MEDIA CENTER REJANG LEBONG – Pemerintah Kabupaten Rejang Lebong terus menunjukkan komitmennya dalam mewujudkan desa dan kelurahan yang ramah serta inklusif bagi penyandang disabilitas. Hal tersebut ditandai dengan digelarnya Rapat Koordinasi (Rakor) Pembentukan Kelompok Difabel Desa/Kelurahan se-Kabupaten Rejang Lebong yang berlangsung di ruang rapat Bupati Rejang Lebong, Selasa (12/5/2026).

Kegiatan rakor dibuka langsung oleh Kepala Dinas Pemberdayaan Masyarakat dan Desa (PMD) Kabupaten Rejang Lebong, Drs Budi Setiawan. Dalam sambutannya, ia menjelaskan bahwa rakor tersebut dilaksanakan sebagai upaya mempercepat pembentukan kelompok difabel di seluruh desa dan kelurahan di Kabupaten Rejang Lebong.

“Pembentukan kelompok difabel ini merupakan tindak lanjut dari Peraturan Bupati Rejang Lebong Nomor 11 Tahun 2025 tentang Desa/Kelurahan Inklusif Penyandang Disabilitas,” ujar Budi Setiawan.

Ia menyampaikan, hingga tahun 2025 baru terdapat tiga desa yang telah membentuk kelompok desa inklusif penyandang disabilitas. Ketiga desa tersebut yakni Desa Rimbo Recap dan Desa Lubuk Ubar di Kecamatan Curup Selatan, serta Desa Kampung Delima di Kecamatan Curup Timur.

“Karena baru tiga desa di dua kecamatan yang terbentuk, maka melalui rakor ini kita mendorong percepatan pembentukan kelompok difabel di desa dan kelurahan lainnya yang tersebar di 15 kecamatan dalam wilayah Kabupaten Rejang Lebong,” tambahnya.

Menurut Budi, keberadaan kelompok difabel di desa dan kelurahan memiliki peran penting, terutama dalam pendataan penyandang disabilitas secara akurat dan menyeluruh. Selama ini, pemerintah daerah maupun pihak terkait lainnya masih belum memiliki data pasti mengenai jumlah penyandang disabilitas di Kabupaten Rejang Lebong.

“Data yang valid sangat penting sebagai dasar pemerintah daerah dalam menentukan kebijakan maupun program yang tepat bagi penyandang disabilitas di Kabupaten Rejang Lebong,” jelasnya.

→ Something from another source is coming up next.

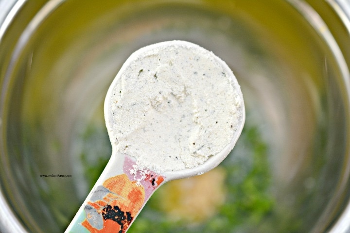 Add 1 ½ tablespoons of  Ranch dressing seasonings to the mixture.   If using those little envelopes or Ranch Seasoning there are about 3 tablespoons of mix in each package so use half of that.    Mix well.
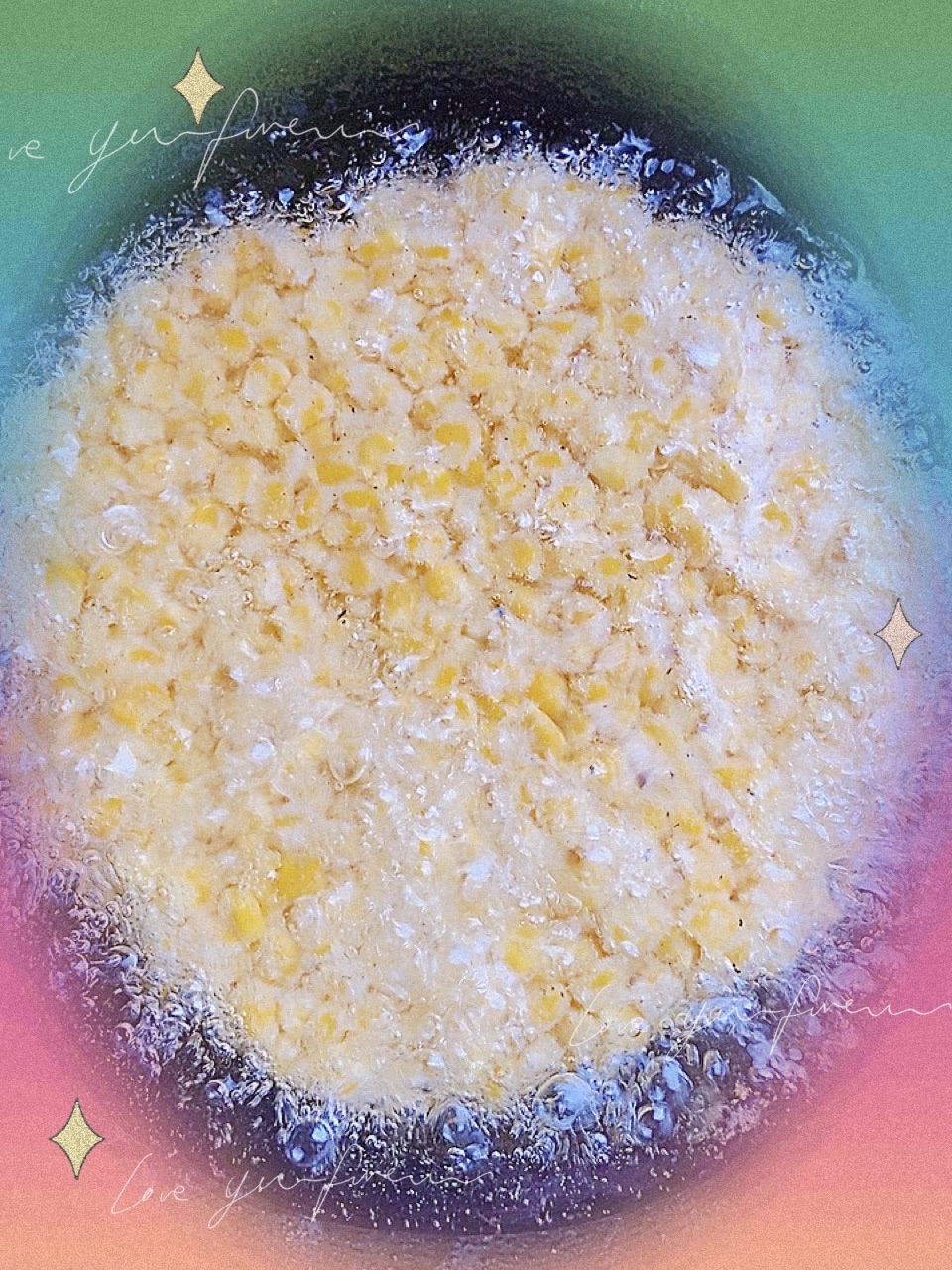 步骤3、在另外用锅把油烧热,倒在玉米上面炸至金黄,在把油倒出来,就可以了,

Melalui rakor tersebut, Pemerintah Kabupaten Rejang Lebong berharap seluruh desa dan kelurahan dapat segera membentuk kelompok difabel sehingga upaya mewujudkan pelayanan publik yang inklusif dan ramah disabilitas dapat terlaksana secara optimal di seluruh wilayah Kabupaten Rejang Lebong. (mcrl)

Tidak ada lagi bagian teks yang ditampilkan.